One witness said he had noticed a woman acting strangely before the service began, and claimed that she planted the bomb by the altar.
Others furiously accused Egypt’s security services of incompetence as they failed to spot the attacker.
“There were no security, the security guards were having breakfast,” Samia Naem said. Justin Welby, the Archbishop of Canterbury, reacted with horror to the “terrible attack.”
“Let us pray in lament, protest and in hope for them, martyrs for Christ,” he wrote on the social network Twitter.
Magdy Zidan, a worker in a juice shop near the cathedral complex, said he entered the church about 15 minutes after the blast.
“I went inside the church after things calmed down and I helped in evacuating 10-12 bodies to the nearby churches,” he said.
“I found everything destroyed. There were a lot of casualties. Most of the people inside the church were killed or injured.”
“The police came late, about 45 after the bombing. Before the ambulance came, after about 30 minutes, we had evacuated bodies and injured people to nearby hospitals by private cars.”
Within a few hours, a small group of protesters had gathered outside the partially destroyed chapel, where they sobbed and angrily accused Egypt’s interior ministry of security failures.

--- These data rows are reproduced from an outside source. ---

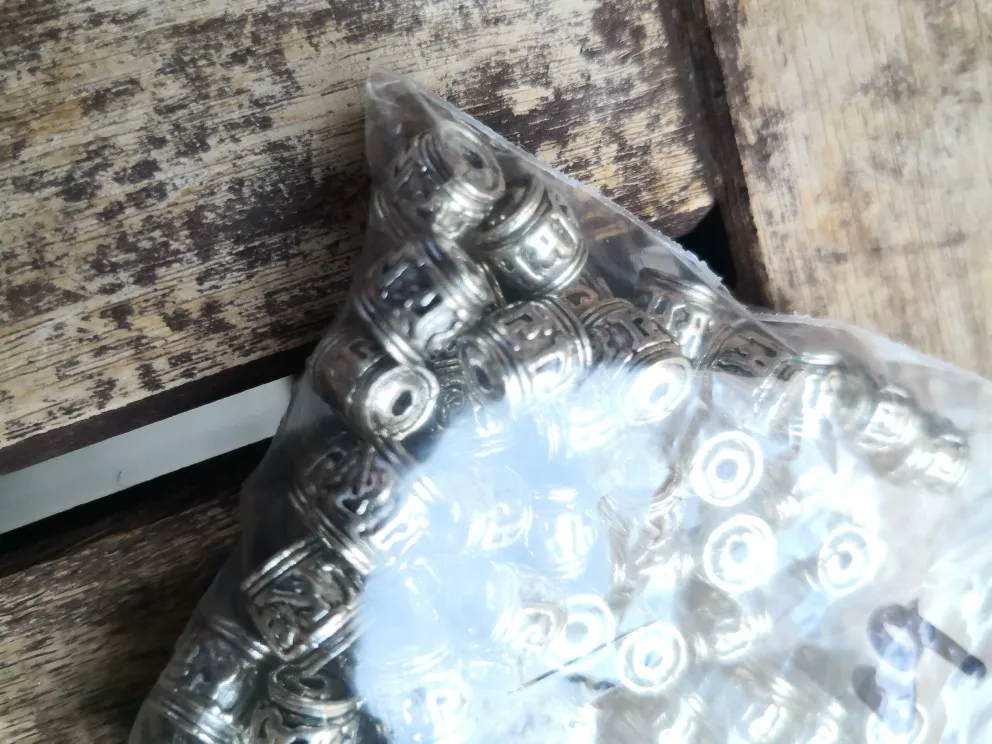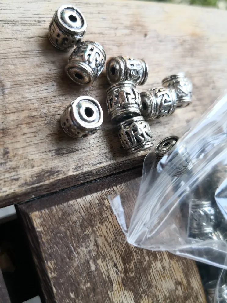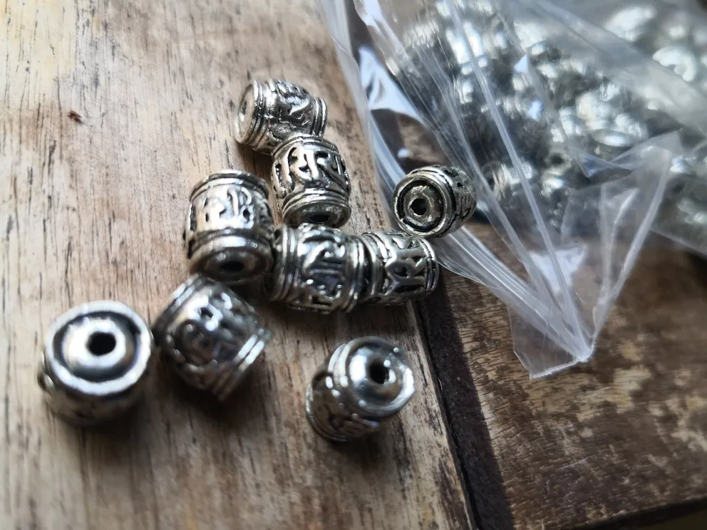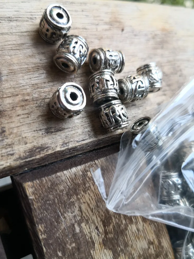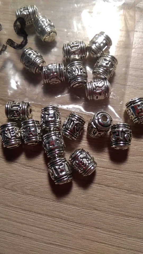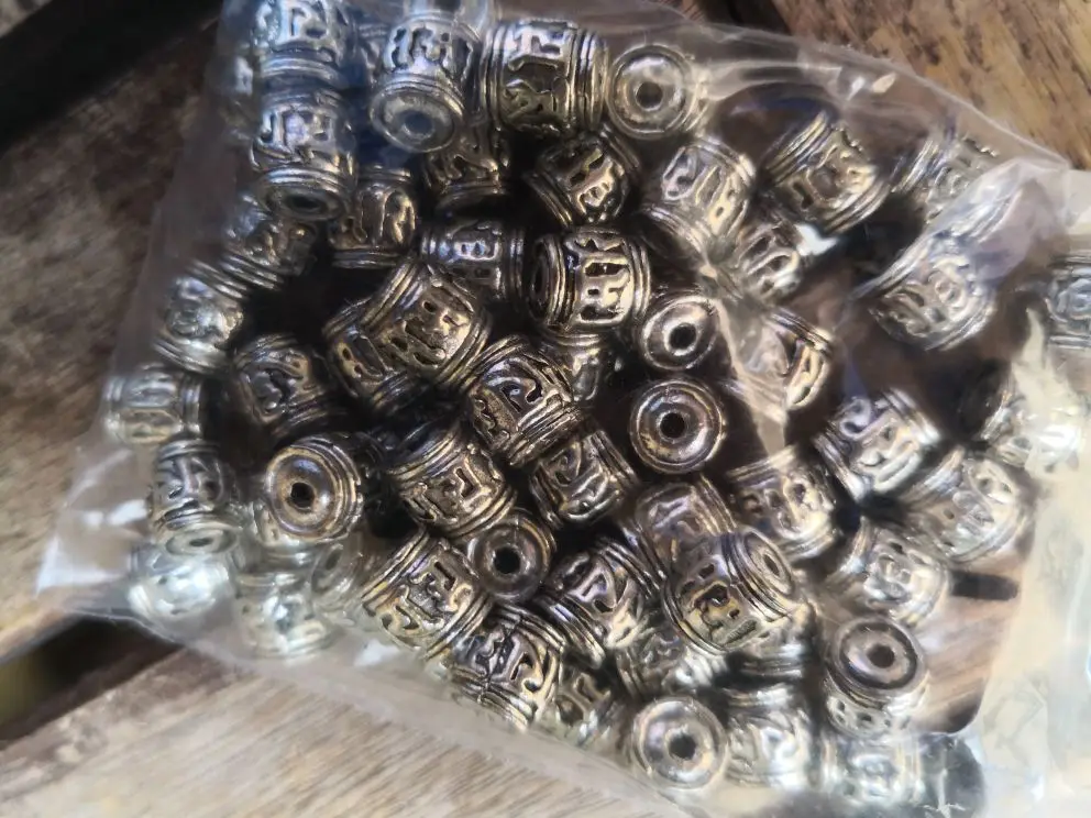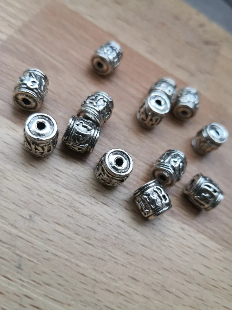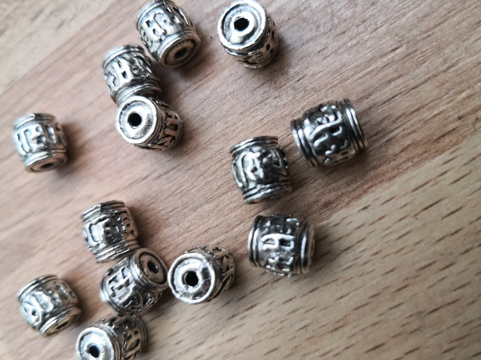 Perles spatiales en argent tibétain, 20 pièces, écritures bouddhistes tibétaines, baril, décoration unisexe, pour prière en métal, accessoires bijoux à bricoler soi-même
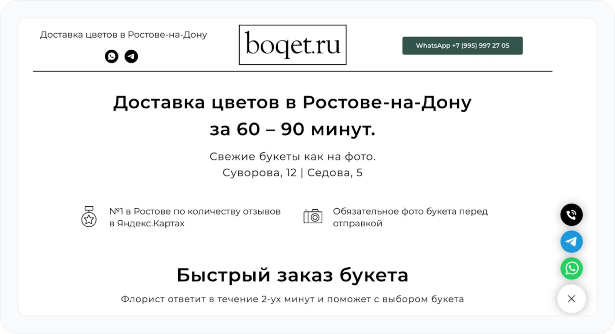 Одна из метрик, которой гордится boqet.ru — оценка 5.0 и самое большое число отзывов на Яндекс Картах в Ростове-на-Дону. Клиентов никак не стимулируют оставлять отзывы, поэтому высокий рейтинг — результат качественного сервиса, скорости и хорошей работы магазина.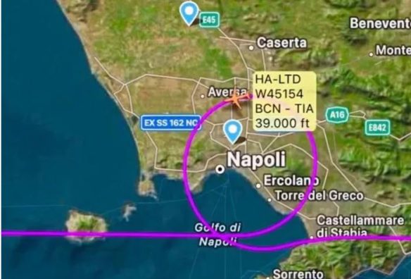 Trajektorja e fluturimit më vonë e tregon atë duke fluturuar në një rreth mbi Napoli përpara se të vazhdojë drejt Tiranës
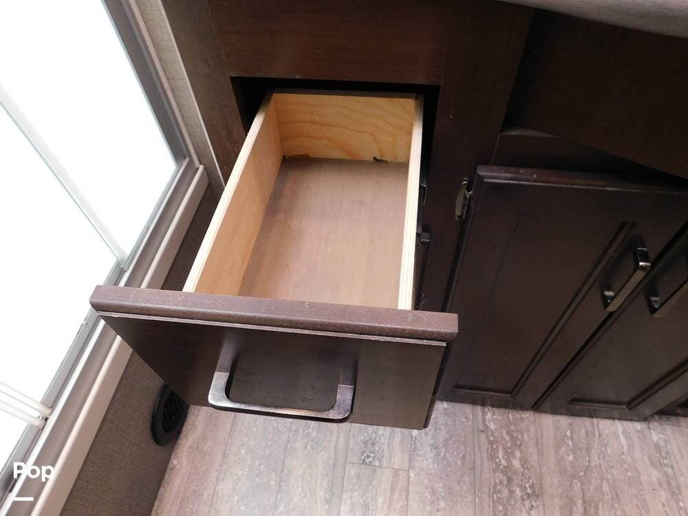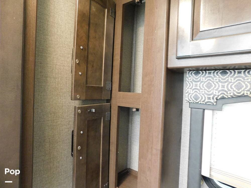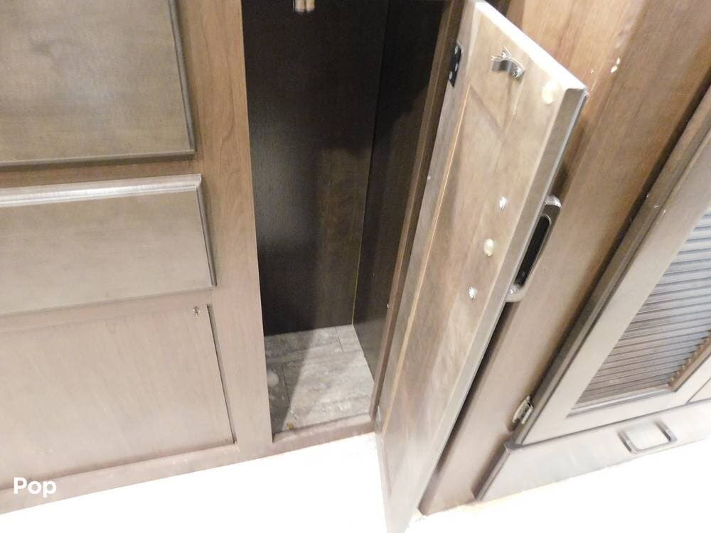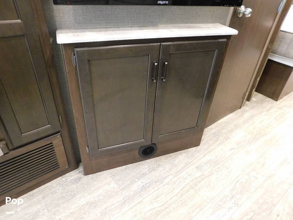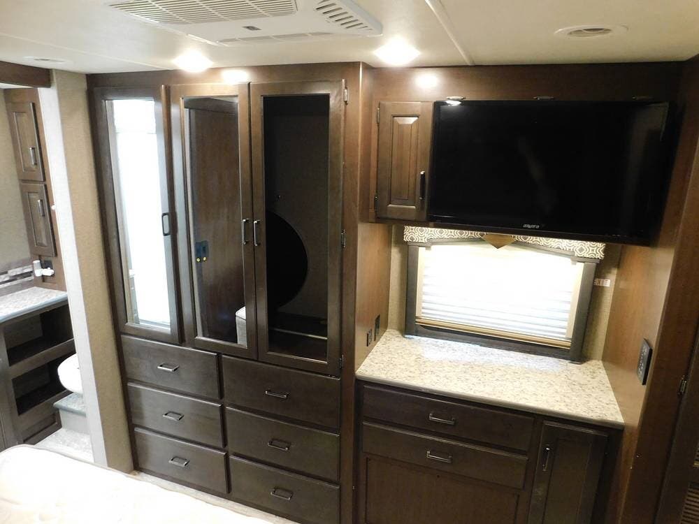For those who enjoy outdoor living, the Hurricane 35M features an exterior entertainment center equipped with a TV and speakers, as well as a power patio awning with integrated LED lighting, providing shaded relaxation in the evenings. Multiple storage compartments around the exterior provide ample space for camping gear, outdoor furniture, and other essentials.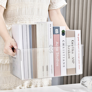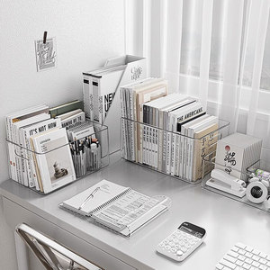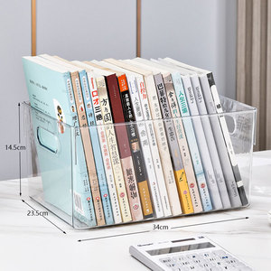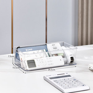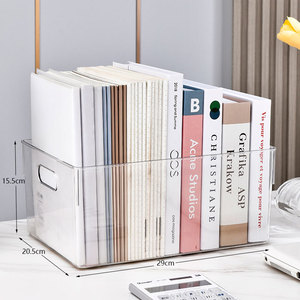 桌面书本收纳盒透明书桌上杂物文具置物盒子办公室宿舍塑料整理筐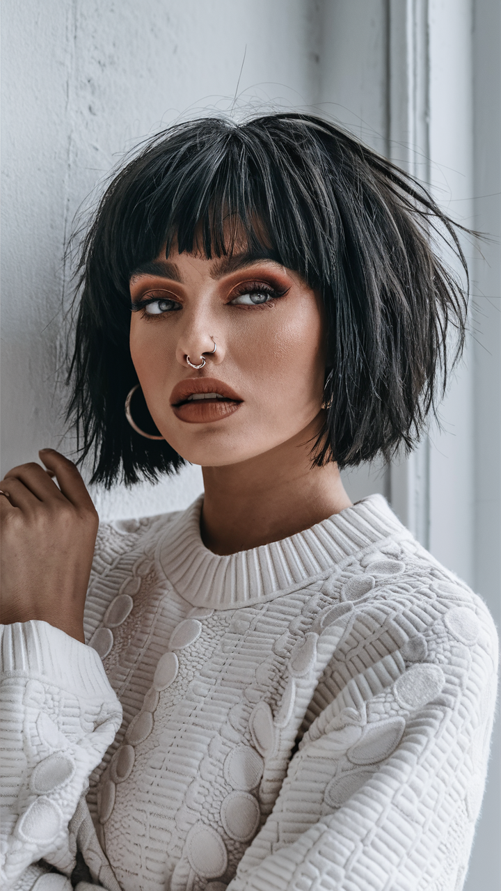 This blunt bob has a textured, slightly messy finish, with shaggy bangs adding a playful touch. The edgy layers create volume, making it an ideal choice for fine hair. A modern take on a classic style, it’s cute yet effortlessly cool.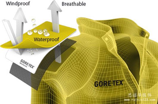 防水薄膜以GORE-TEX?的ePFTE(聚四氟乙烯)薄膜最為著名,其它品牌多采用PU涂層,功能有強有弱,體驗也各不相同。沖鋒衣采用了GORE-TEX?的面料。目前市面上主流的衡量標準是通過測試面料可以承受多少毫米水柱(mmH2O,或mm)的壓強,一般沖鋒衣至少可以達到3000mm,而在極限環境下的沖鋒衣和專業滑雪服可以達到20000mm以上。在沖鋒衣制作中專業沖鋒衣廠家思諾華制衣也都會根據客人的指數要求進行防水面料的訂購。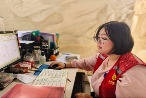 志愿者在进行高龄老人信息的录入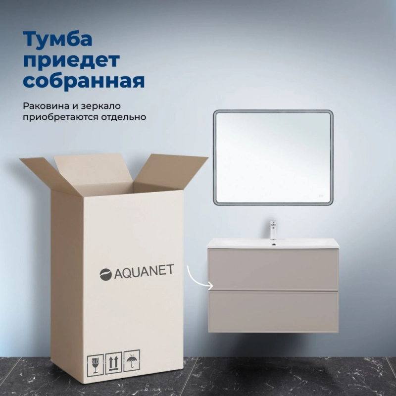Тумба под раковину Aquanet Арт 343969 100 см (бежевый) подвесная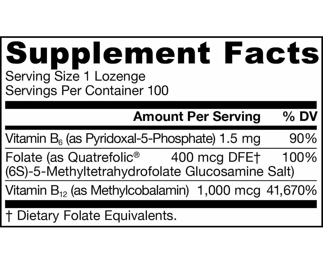 Provides methyl b-12 plus methyl folate and pyridoxal 5-phosphate in a convenient lozenge form.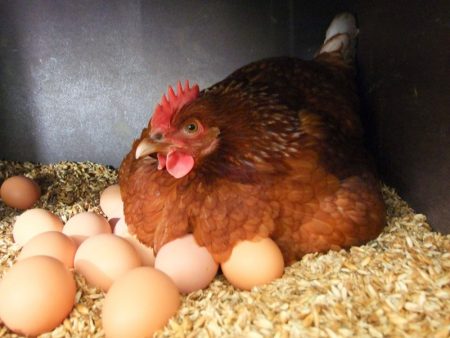 A chicken gives 320 brown eggs per year. Egg production starts from 135 days of life. The mass of large eggs reaches 63 g.
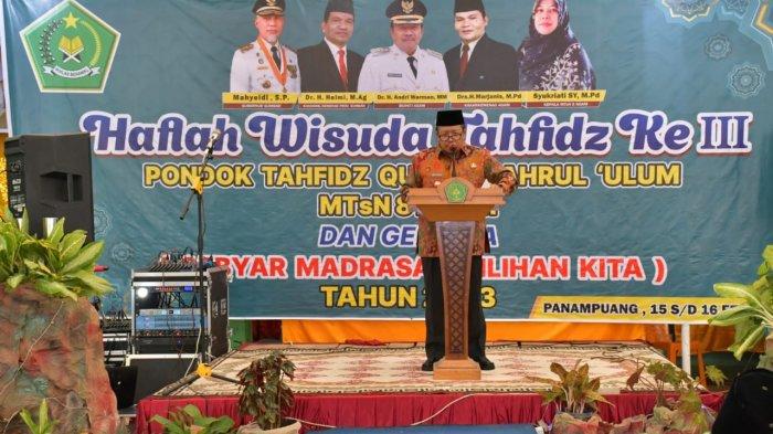 BUPATI Agam, Dr H Andri Warman hadiri haflah wisuda tahfiz ke-III MTsN 8 Kabupaten Agam, Provinsi Sumatera Barat (Sumbar) pada Kamis (16/2/2023).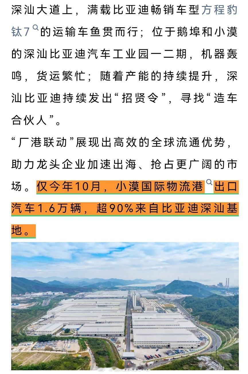 厂港联动,比亚迪深汕工厂经小漠港出口效率再提升!工厂→港口→码头(堆场),比亚迪与小漠港合作启动“全流程无人驳运”试点:安全可控、降本增效!10月份,小漠港出口整车1.6万辆,创历史新高!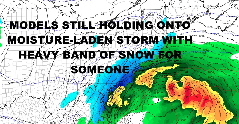 Good morning everyone. While some are nursing a hangover, we’re back to work right away today and trying to decipher what to expect this weekend as far as a possible winter storm. There are a few things we can tell you that we do know, and a few things that we don’t. The biggest thing is that weather models (now essentially all of them), are holding onto the idea of a big winter storm for the Mid-Atlantic, Northeast, and parts of New England.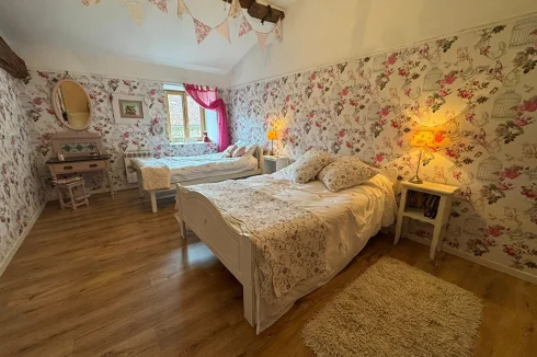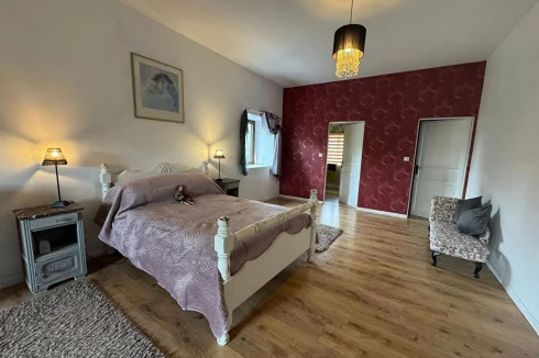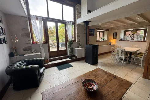 Set in the heart of a peaceful hamlet just eight minutes from the thriving town of Bellac, this remarkable barn conversion offers 220 m² of beautifully appointed living space on a generous 2,896 m² plot with landscaped gardens and paddock. Renovated to the very highest standard, the property combines style, comfort, and energy efficiency, presenting the kind of home you might expect to see featured on Grand Designs.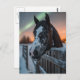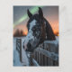 Ein niedliches Schwarz-Weiß-Pferd mit den Nordlichtern im Winterhimmel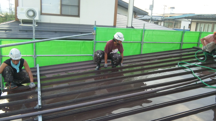 夕方立ち寄ったら、屋根の手洗い作業中でした。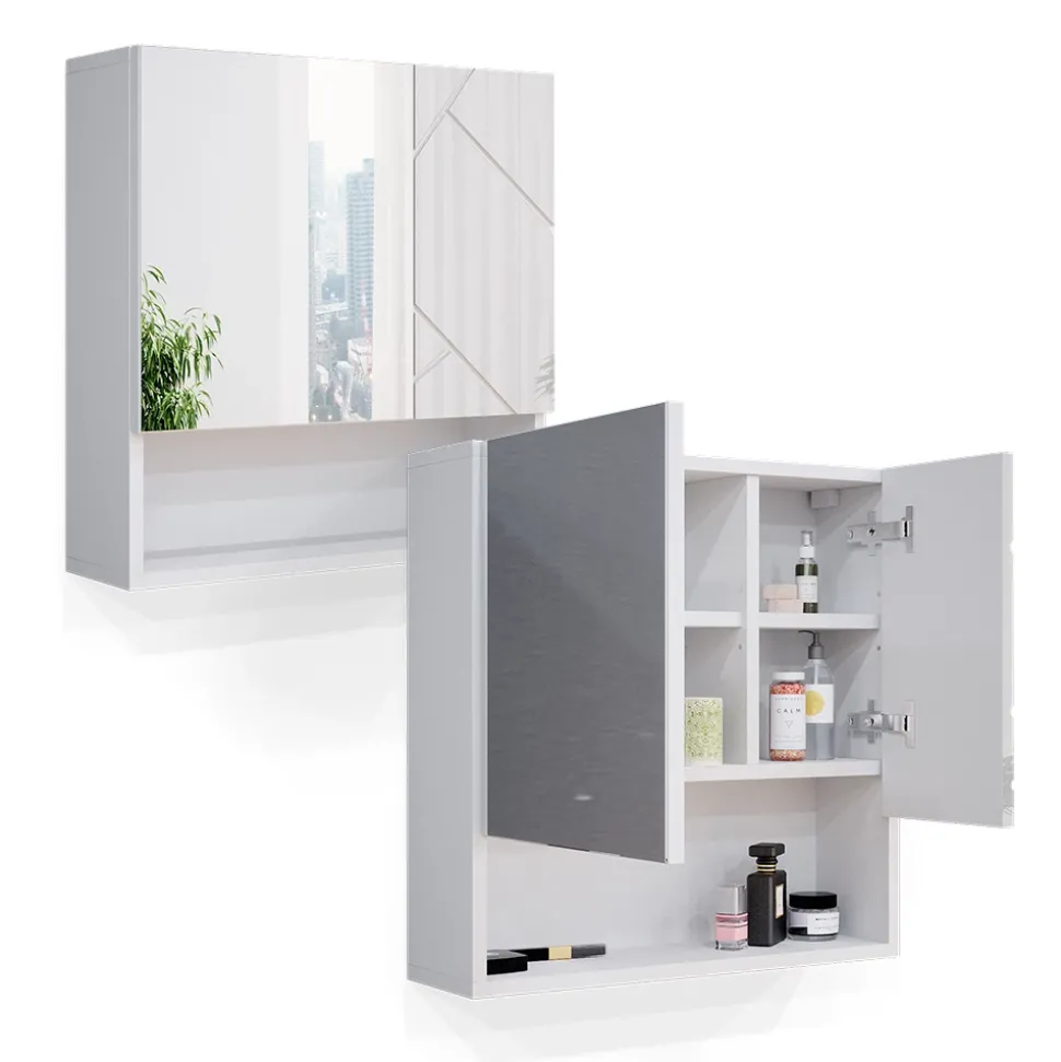 - MATERIAL: Der Badezimmer-Spiegelschrank besteht aus pflegeleichter Spanplatte 16 mm, mit einer Melaminharzbeschichtung. Einige Bestandteile des Artikels sind aus Glas gefertigt

By lunchtime, their numbers has swelled to the hundreds, and soldiers armed with teargas were sent to control the crowds.
“As long as Egyptian blood is cheap, down with any president,” the protesters chanted, referring to Egyptian leader Abdel Fattah al-Sisi.
Mr al-Sisi, who is fighting an Islamist insurgency in the north of Egypt, declared three days of national mourning and strongly condemned the attack as an act of terrorism.
A picture shows the damage at the scene of the bomb explosion.
There was no immediate claim of responsibility for the bombing, but it was celebrated on social media by supporters of the Islamic State in Iraq and the Levant (Isil).
“God bless the person who did this blessed act,” wrote one jihadist on the online messaging network Telegram, while another said: “God is great, God is great, God is great.”
The attack comes after six officers were killed in a bombing in Cairo last Friday, which was claimed by a mysterious group linked to the Muslim Brotherhood.
It is understood the extremist group was formed after the Muslim Brotherhood’s leader, Mohamed Morsi, was ousted in 2013. Christians in Egypt have previously been targeted by Islamic extremists, such as in 2011 when a New Year’s Day bombing in Alexandria left 21 dead.
“This is a serious development,” Mina Thabet, a researcher at the Egyptian Commission for Rights and Freedoms, said.
“This is the first time a bomb was smuggled inside a church [in Egypt] and targeted directly the worshipers.
The Al-Bortosia bombing was condemned by senior leaders of Egypt’s Christian and Muslim communities.
“The vile terrorist explosion…was a great crime against all Egyptians,” said Sheikh Ahmed al-Tayeb, the head of Egypt’s top Sunni Muslim authority, Al-Azhar.